Material and methods

Reagents and apparatus

AFM1-BSA and anti-AFM1 antibody (by immunisation with AFM1-KLH) were provided by OriGene Technologies, Inc. (9620 Medical Center Drive Suite 200 Rockville, MD 20850 USA). Goat anti-rabbit antibody was purchased from Southern Biotech (Birmingham, USA). Fluorescent microspheres were obtained from Thermo Fisher Scientific (27 Xinjinqiao Road, Pudong New Area, Shanghai, China). NC membrane, water absorbing paper, sample pad, and binding pad were obtained from GE(1 Yongchang North Road, Beijing, China). N-Hydroxysuccinimide (NHS) and 1-Ethyl-3-(3-dimethylaminopropyl)carbodiimide hydrochloride (EDC) were purchased from Sigma-Aldrich Corp. (St. Louis, MO, USA). The HG-98 fluorometer (Excitation wavelength:365 nm,Receiving wavelength:615 nm) was produced independently.

Coating the test strip

Rabbit IgG and AFM1-BSA antigen containing 1% BSA, 0.5% Tween 20, 5% trehalose, and 0.05 mol/L phosphate buffer (adjusted to pH 7.4) was diluted to 0.2 mg/mL with the former and a concentration of 0.8 mg/mL with the latter. 1.25 μ L/cm package is volume, interval 0.5 cm package is on the nitrous acid fibre membrane, 37°C dry after 8 h on the PVC floor, on two sides fixed sample pad (glass fibre membrane) and blotting paper, was 20% humidity, incised into a 0.4 cm wide strip, Into the shell, and stored at 4°C(Figure 1).

Figure 1. Test strip.

During coating, we found some conditions can affect the testing results such as the concentration, the dying time and so on. During we screened them, the concentration of AFM1-BSA was from 0.1 to 1.0 mg/mL, the drying time was from2 h to 12 h and the room humidity was from 20% to 40%(Figures 2–4).

Figure 2. The influence of AFM1-BSA coated amount.

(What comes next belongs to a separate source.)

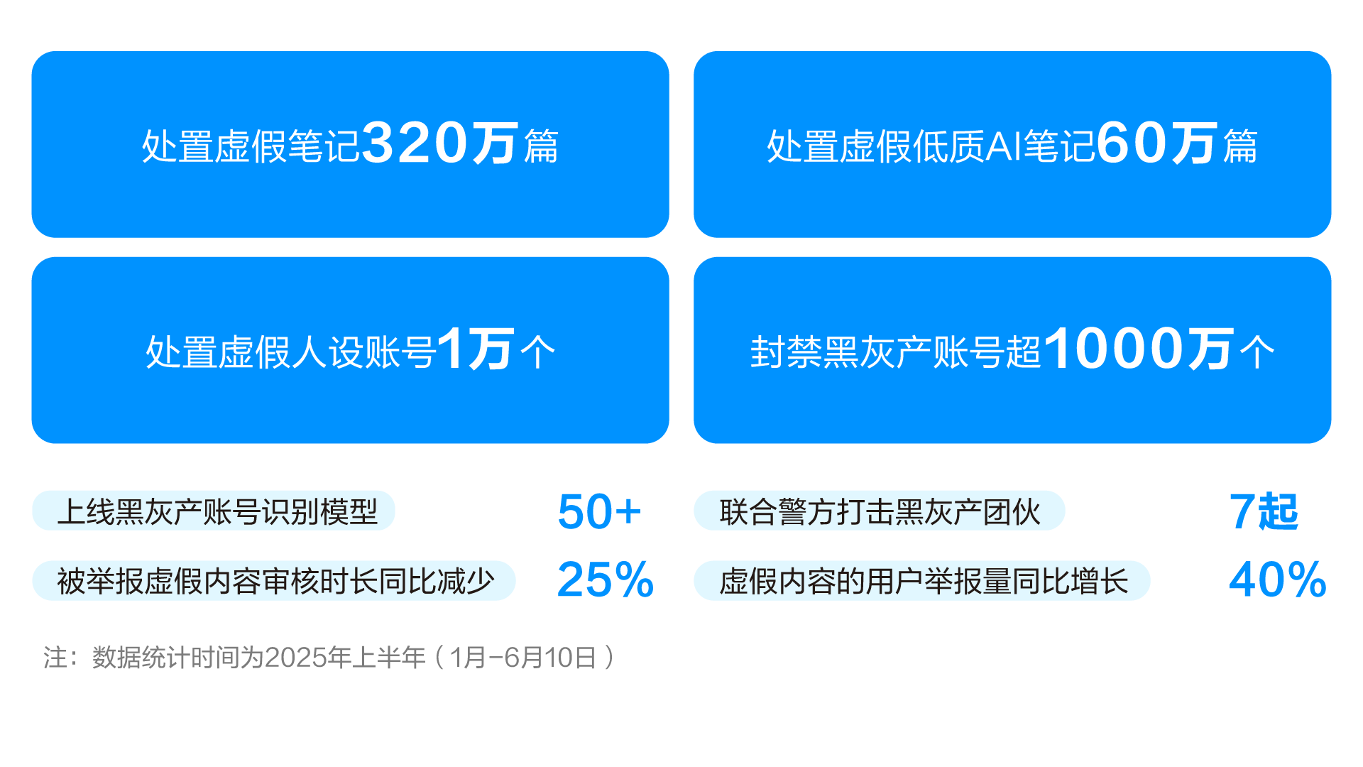 此外,小红书还不断加大对AIGC识别模型的研发投入,进一步提高识别精准度,减少虚假低质AI内容的曝光。同时,平台对AIGC生成内容做主动标识工作,提升信息透明度。半年共处置治理虚假低质AI笔记60万篇。

Figure 3. The influence of drying time.

Figure 4. The infuence of room humidity.

Tracer production

Carboxyl fluorescent microspheres (1 mL) were washed with 0.02 mol/L 2-(n-morpholino)ethanesulfonic acid buffer (MES) (pH 6.0) and added to 5 mg NHS and 10 mg EDC. After mixing, the reaction was conducted at 25°C in the dark for 27 min. The mixture was washed with 0.05 mol/L phosphate buffer solution (pH 7.4), then 0.6 μg anti-AFM1 antibody or goat anti-rabbit antibody was added. After reacting at 25°C in the dark for 4 h, 0.05 mol/L phosphate buffer solution (pH 7.4) containing 10% glycine was added to continue the reaction for 1 h. The mixture was washed with 0.05 mol/L phosphate buffer (pH 7.4) containing 1% BSA, 5% sucrose, and 0.1% proclin-300, then the volume was adjusted to 5 mL and the mixture was stored at 4°C (Figure 5).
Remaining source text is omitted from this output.